Immunofluorescence microscopy images of WSU-FSCCL cells. Top panel represents control cells after 48 h of culture; top left, tubulin staining; top center, NF-κB p65; top right, overlay of tubulin and p65. Bottom panel represents images of WSU-FSCCL cells after 48 h of treatment with ML120B (40 μM) and vincristine (520 pM). ML120B was added 60 minutes prior to vincristine: Bottom left are vincristine-alone treated cells showing disruption of microtubules and translocation of p65 to the nucleus as indicated by yellow-orange color. Bottom center: ML120B plus vincristine treatment showing sequestration of p65 in the cytoplasm in most cells. Bottom right: is same as bottom center except with DAPI counterstain to demarcate the nuclei and confirm absence of p65 from nuclei in most cells.

Figure 8

In vivo activity of ML120B alone, and with CHOP in WSU-DLCL2-SCID xenograft mouse model, tumor weights represent Mean and standard error of mean (SEM).
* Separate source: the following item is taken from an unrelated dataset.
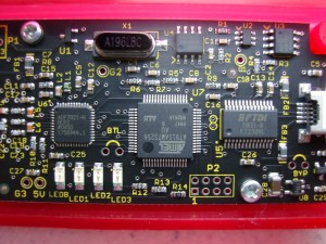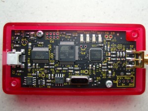 De DVAP Dongle bevat 3 (hoofd) componenten. Een ARM processor (AT91SAM) een USB<>RS232 chip (FT232) en een narrow band transceiver (ADF7021). O ja en nog een boel ander smd grut natuurlijk. De Dongle wordt geleverd met een SMA antennetje en knietje.

A. Activity of ML120B as single agent: WSU-DLCL₂ tumors were xenografted s.c. into 10 ICR SCID mice/group on day 0 and dosing was initiated on day 7. ML120B was administered p.o. 120 mg/kg one dose on day 7 (× 1), 60 mg/kg twice (BID) on day 7 (× 2), and 60 mg/kg BID for 28 days starting on day 7 (× 28). Each point represents mean tumor weight of animal in each group ± SEM. B. ML120B plus CHOP treatment: Xenografts were developed as in A and treatment started on day 7. CHOP was administered at maximum tolerated doses (MTD) as previously defined (see Material and Methods), ML120B was administered p.o. 60 mg/kg BID for 28 days (as in A), ML120B in combination with CHOP at MTD.